A jury, by special verdict, set damages in the wrongful death action at $105,000.00 and found plaintiff’s decedent 5% negligent, the employer Sandberg 50% negligent, and general contractors Raske and Ferguson 55% negligent.  Id.

The Court held that when an employer pays workers’ compensation benefits and the employee recovers a judgment against a third-party tortfeasor, the employer is entitled to reimbursement of the benefits paid pursuant to § 176.061, subd. 6(c), even though the employer is found negligent.  Id. at 81.

Specifically, the Court stated the correct procedure for apportionment is:

The third-party tortfeasors, here Raske and Ferguson, should pay the entire verdict ($99,750) to the plaintiff.  Id.  The employer should then contribute to the third-party tortfeasor an amount proportionate to its percentage of negligence, but not to exceed the amount of workers’ compensation benefits payable to the employee ($41,000).  Id.  The employee (here the trustee) should then reimburse the employer pursuant to § 176.061, subd. 6(c).  Id.  In Raske the amount of reimbursement equaled the amount of workers’ compensation benefits paid ($41,000), and as a result no money will change hands.  Id.
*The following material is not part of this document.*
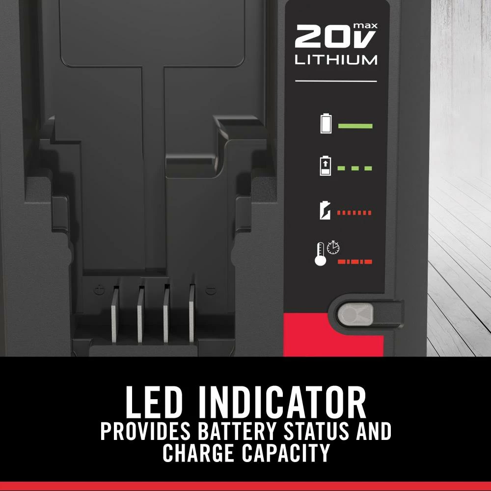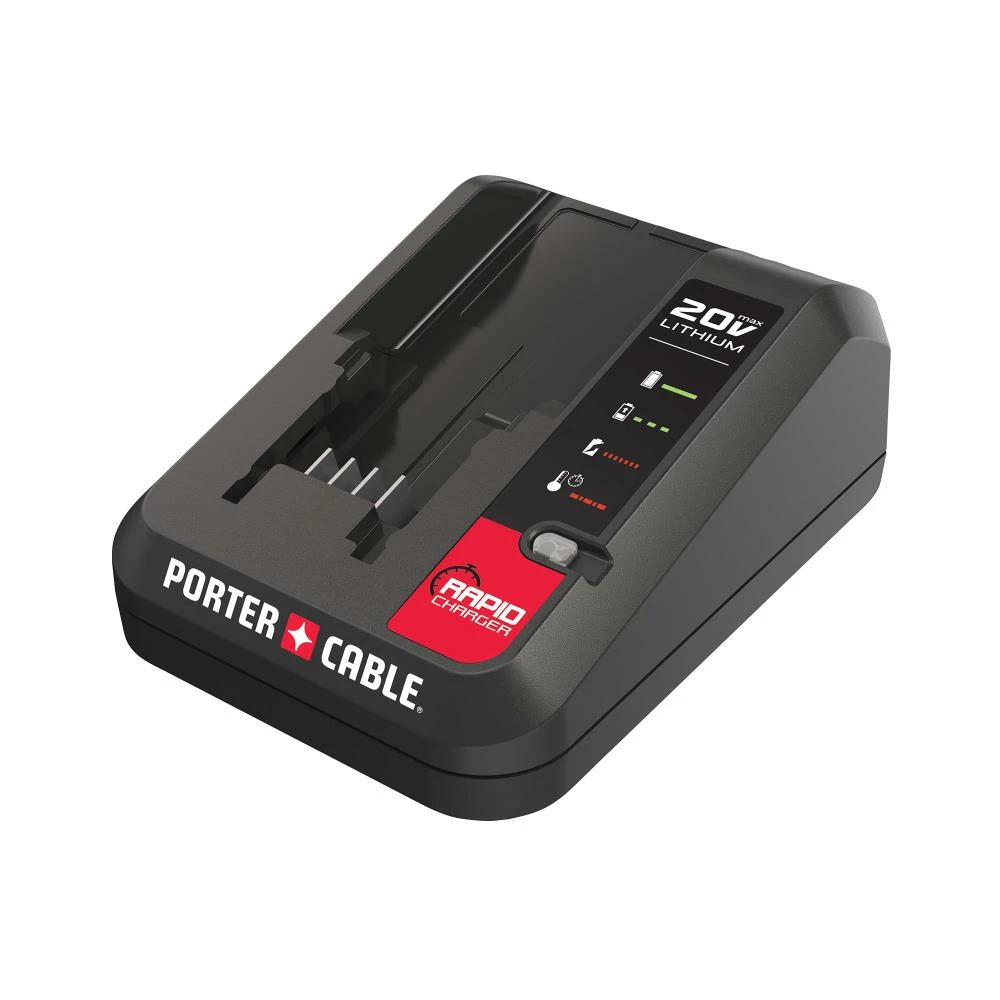 Charge all PORTER-CABLE 20V MAX batteries with this 20V MAX Battery Charger. The charger features a rapid 2 Amp charge rate with overload protection to safeguard cells against damage. Keep aware of your battery state of charge with an LED indicator that conveniently shows remaining charge capacity as you work.

In sum, the at-fault party pays the entire verdict to the employee, less the employee’s comparative fault.  Next the employer multiplies its percentage of fault by the entire verdict and pays the sum to the at-fault party.  This amount cannot exceed benefits paid to the employee.  Finally the employee will distribute the funds pursuant to the statutory formula in Minnesota Statute § 176.061, subd. 6(c).